Credit must be given for excessive exuberance in doing his job and an allowance must be made for his understanding that how well he did his job, how well he earned his paycheck, depended on the simple bottom line of how many churches he could say that he had a hand in starting.

The statement is several years old. I presume that the philosophy he espoused is not the current one adhered to by our entities. I hope that is the case.

I chastise myself for allowing such a categorical statement as "...you cannot have too many churches" to go unchallenged. I confess to not thinking every thought that I should think when it should be thought.

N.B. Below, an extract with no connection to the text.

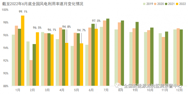 截至6月底全國風(fēng)電利用率逐月變化情況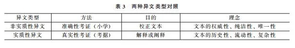 通過《景德傳燈錄》的具體例證可以看出:在文本的對校中會出現兩種異文,“實質性異文”和“非實質性異文”。此兩類異文普遍存在于??睂嵺`中,但對兩類異文的處理與關注,中西方存在著比較大的差異。我國由于進入印刷時代較早,保存的抄本、寫本相對較少,所以異文中“非實質性異文”所占比重較大,而在處理“非實質性異文”方面積累了豐富的經驗與技術,借助于文字學、音韻學、訓詁學等小學的知識,大量的“非實質性異文”可以得到解決。然而,由于印本時代典籍的整齊化過程,大量的“實質性異文”已被消除,多數典籍文本趨于整齊,可以說很長的時間內,“實質性異文”并沒有受到傳統??睂W的足夠關注。20世紀以來,簡牘、帛書、敦煌文書、黑水城文獻、日本古抄本等文獻的陸續發現,使我們得以重見抄本時代的典籍文獻,也使我們知道,典籍整齊化之前存在著大量的“實質性異文”。而這些“實質性異文”既不能從典籍內部通過小學的方法得以解決,也無法全部抉擇出最佳文本,定于一尊。只有將文化環境、意識形態、權力機制考慮進去,才能解釋這些異文產生的機制,對這些異文進行合理的闡釋。也就是說,對于“非實質性異文”可以運用文字、音韻、訓詁等小學的方法,通過“準確性”考證,最終校正錯謬,整理出一個“正確”的文本。而對于“實質性異文”,則需要綜合運用考據學的方法,進行“真實性”考證,對異文產生的文化環境、意識形態及權力機制進行分析,弄清異文產生的機制。對于此類異文,或許最終無法決定異文的正誤,進言之,這些異文本身其實并無“正誤”之分,而只是不同知識譜系中的形成物。對于“非實質性異文”,可以通過校正錯誤得到正解;而對于“實質性異文”,只能通過對比作出解釋?!胺菍嵸|性異文”的處理實際上是對文本權威性、純潔性、唯一性的追求;“實質性異文”的處理則是對文本歷史性、流動性、復雜性作出的分析與描述(見表3)。而要發現、解決文本歷史性、復雜性的問題,則需借助于文本的考古。

The brother could have properly contextualized the statement and made it truthful and valid and thereby establishing himself as the kind of sagacious denominational servant we are blessed to have. To do so would have been simple. He could have added appropriate qualifications so that it was understood that among a population of several million there would always be a need for new churches to reach and serve various ethnic groups and other population segments for which there was no existing congregation well positioned to do so.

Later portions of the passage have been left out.